Em conversa com a Sputnik Brasil, juristas se dividem sobre a procedência da medida. A argumentação acatada por Moraes se baseia em tentativas frustradas de contato por parte da PF com o aplicativo.
“O Telegram é notoriamente conhecido por sua postura de não cooperar com autoridades judiciais e policiais de diversos países, inclusive colocando essa atitude não colaborativa como uma vantagem em relação a outros aplicativos de comunicação”, declarou a polícia.
Na noite de 18/03, Durov publicou uma mensagem em seu canal do Telegram pedindo desculpas ao STF e mais alguns dias para que cumprisse todas as determinações das autoridades brasileiras. “Poderemos processar com eficiência as solicitações de remoção de canais públicos ilegais no Brasil”, disse o empresário.
Bloqueio do Telegram é aceitável?
Para a advogada Samara Castro, especialista em direito digital e membro da ABRADEP, a decisão de estrangular o acesso ao aplicativo é inócua. “Existem dois aspectos com relação à questão do Telegram.
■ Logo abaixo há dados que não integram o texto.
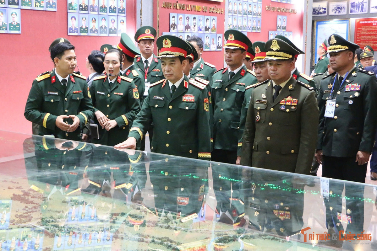 Đại tướng Phan Văn Giang và Đại tướng Tea Seiha cùng các đại biểu tham quan Nhà truyền thống Sư đoàn 5, Quân khu 7.
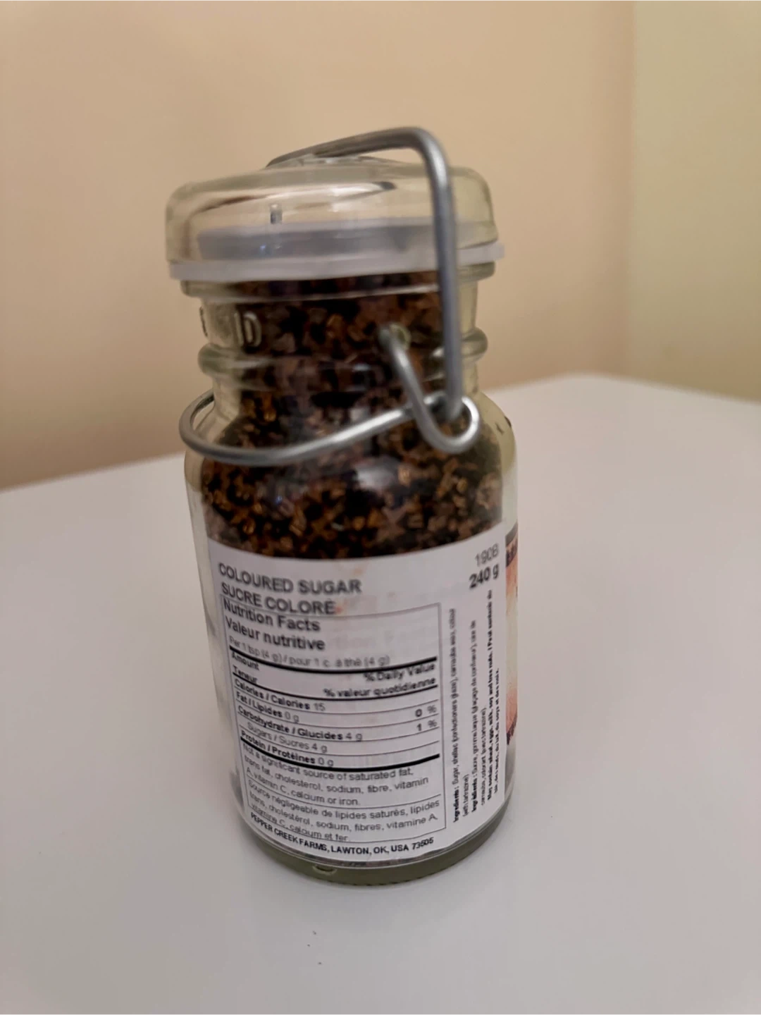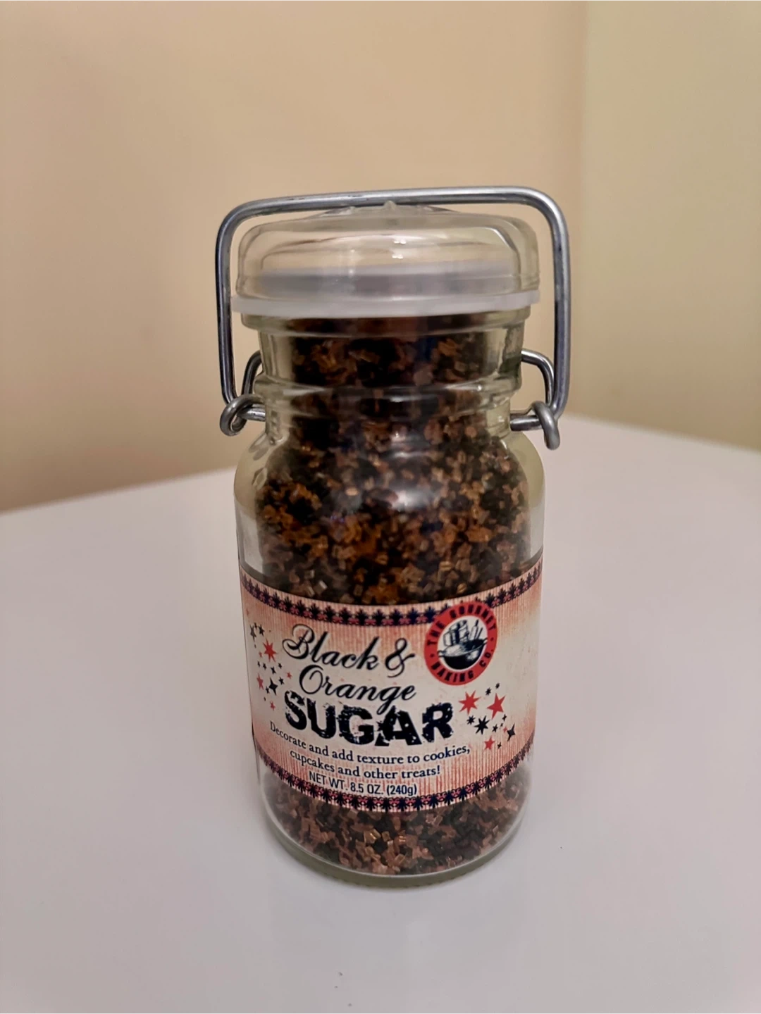 Here's a jar of Pepper Creek Farms Black & Orange Sugar! It's perfect for decorating and adding texture to cookies, cupcakes, and other treats. The net weight is 8.5 oz (240g).
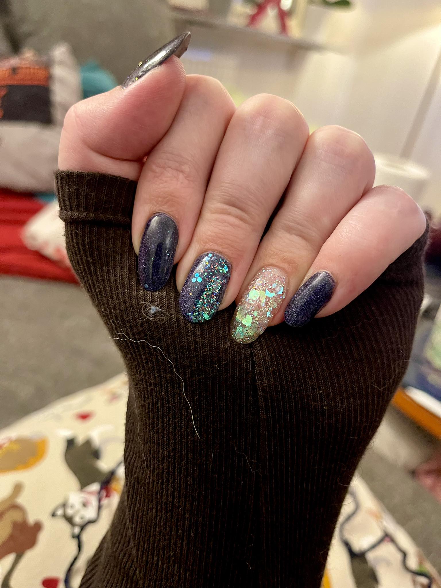 Hej å hå, första gången jag gjort något annat än enfärgat. Vissa naglar blev bättre och andra sämre. Sett att många kör glitter längst in mot nagelbandet och utåt nu, insåg efter att de kanske är snyggare, får bli så nästa gång. Men jag tycker alltid det är svårt att få till en snygg form på nageln, jag gillar square mest. Men kul är det.🤩💅
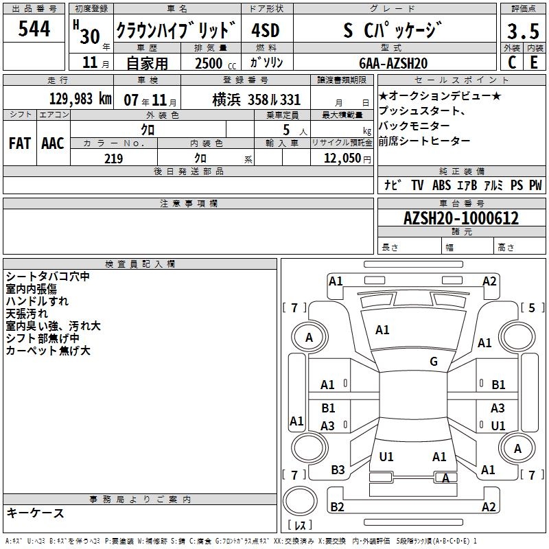 TOYOTA CROWN HYBRID S C PACKAGE - лот 544

Primeiro é o aspecto jurídico no sentido de que essa é uma decisão que ultrapassa os limites daquilo que o STF teria competência para fazer dentro de um processo como esse. Especialmente quando a gente pensa em uma lógica de que é um processo administrativo que tem consequências bastante pesadas. O segundo aspecto é o da eficácia de uma medida como essa porque qual o fim que se busca com o bloqueio do Telegram? O combate à desinformação. Mas o Telegram não é o único canal onde a desinformação está colocada”, criticou ela.
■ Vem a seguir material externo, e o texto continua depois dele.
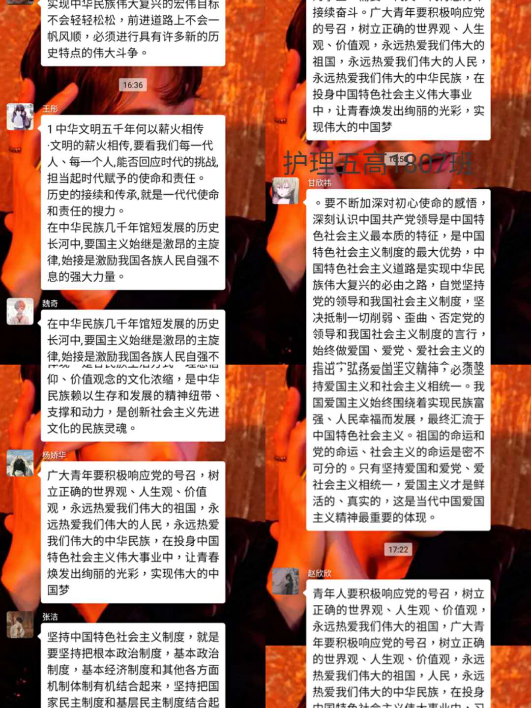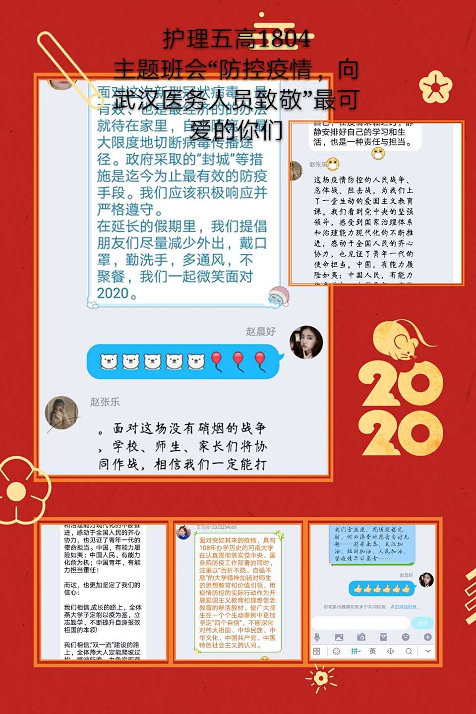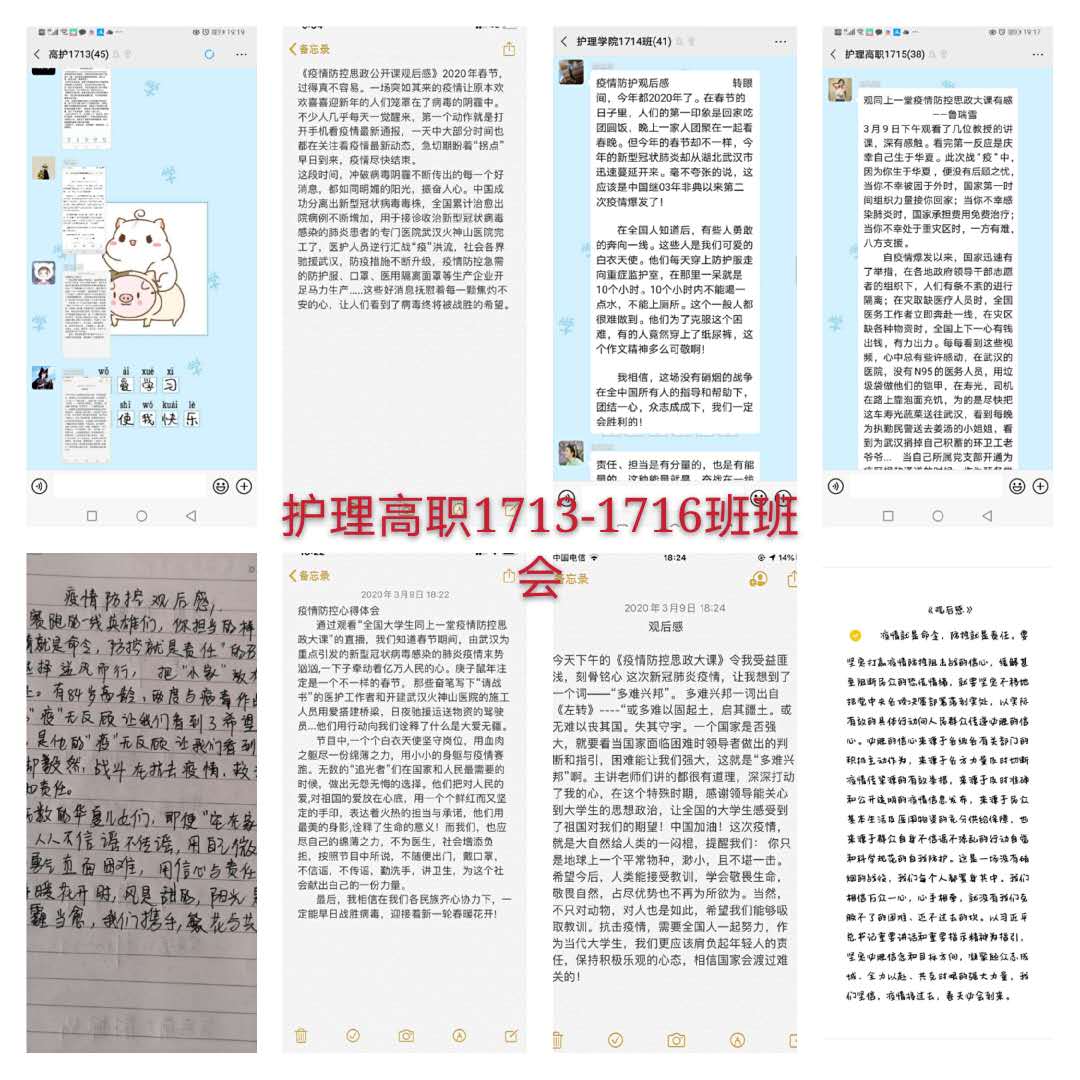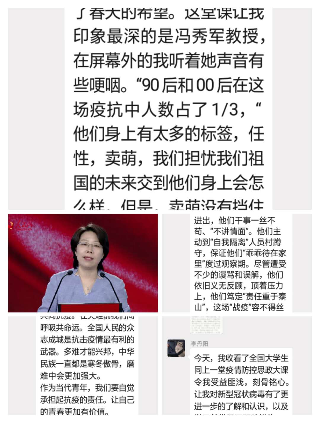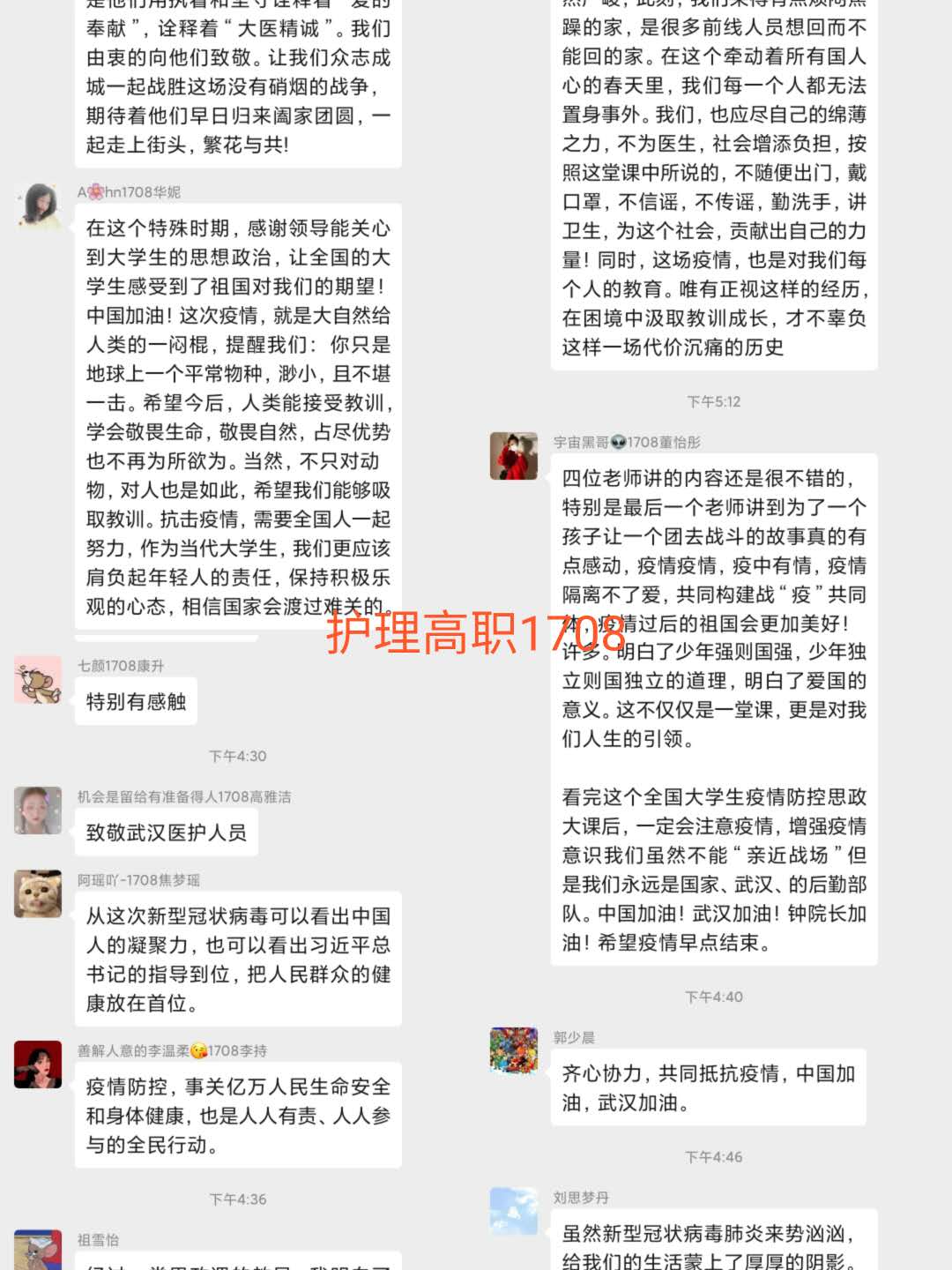 观看结束后,pp电子学生以班级为单位,在学管人员的指导下,开展了线上主题班会。师生们结合学科专业特点展开了讨论。pp电子游戏平台网站党总支书记吴运胜认为:“对于pp电子游戏平台网站的师生来说,这次思想政治教育课安排得很及时。在这场战‘疫’中,党和政府从历史中总结经验,担起人类命运共同体的责任,用‘武汉封城’的强大魄力,向世界彰显了中国共产党领导和中国特色社会主义制度的显著优势。作为党的教育工作者,我们要积极教育引导广大学生,坚定在以习近平同志为核心的党中央坚强领导下打赢这场疫情防控人民战、总体战、阻击战的信心和决心。”党总支副书记马淑红认为:“课堂中的战疫小故事,让我们看到了当代青年的大勇、大我和大德,我们要积极宣传学生身边的榜样事迹,继续引导广大青年学生勇担使命,积极奉献社会,为实现中华民族的伟大复兴梦而奋斗。”学生科科长李博认为:“这堂公开课兼具思想高度和理论深度,有数据有实例,有情感有温度,进一步增强了大学生的‘四个自信’,激发大学生的爱国热情和创新创业的动力。”护理高职1804班学生王晔在班会中说:“作为一名00后护生,我们要牢记医学生誓言和南丁格尔誓言,向奔赴疫情前线的前辈学习,做到胸有大志、心有大我、肩有重任、行有大德,用实际行动谱写自己大写的青春。”(撰稿:pp电子游戏平台网站 王蓉 审核:李晓乾)

Castro prossegue dizendo que mesmo a falta de representação no Brasil e a ausência de respostas da plataforma às autoridades não justificam a medida. “Em que pese a gente colocar vários argumentos, como a não-representação no Brasil, a falta de respostas da plataforma, o que se busca ao fim é o combate à desinformação. Mas o combate à desinformação não se dá em uma única plataforma, não se dá com um bloqueio, e não se dá com argumentos que, na verdade, desconstituiriam parte da Internet. Porque se a gente for olhar os aplicativos, hoje, praticamente mais de 90% não têm representação no Brasil. O que deveria nos preocupar é sobre como a gente vai lidar com essa desinformação desenfreada em todas as plataformas. E quais são as medidas que vamos exigir delas”, argumentou.
Ela lembrou, também, da falta de compromisso de empresas de tecnologia que mantêm sede no Brasil, mas que relutam para tirar conteúdo mentiroso das suas plataformas, e disse que é exagerado aplicar multa em quem usar o serviço de VPN (rede privada virtual, na sigla em inglês, que criptografa e disfarça a identidade dos usuários na Internet).
“Mesmo aquelas que têm representação no Brasil, como Meta, Google e outras, não estão com um compromisso totalmente firmado e transparente de cumprimento de decisões judiciais. Nem mesmo de combate à desinformação e todas as medidas exigidas de transparência, de governança. Inclusive nem trabalhamos com a base mínima de exigências que são colocadas na Europa, por exemplo. O problema é muito mais abaixo do que o bloqueio de uma ou outra plataforma. Além disso, a medida de multa de R$ 100 mil para quem usar VPN para acessar o aplicativo é desproporcional”, finalizou a advogada.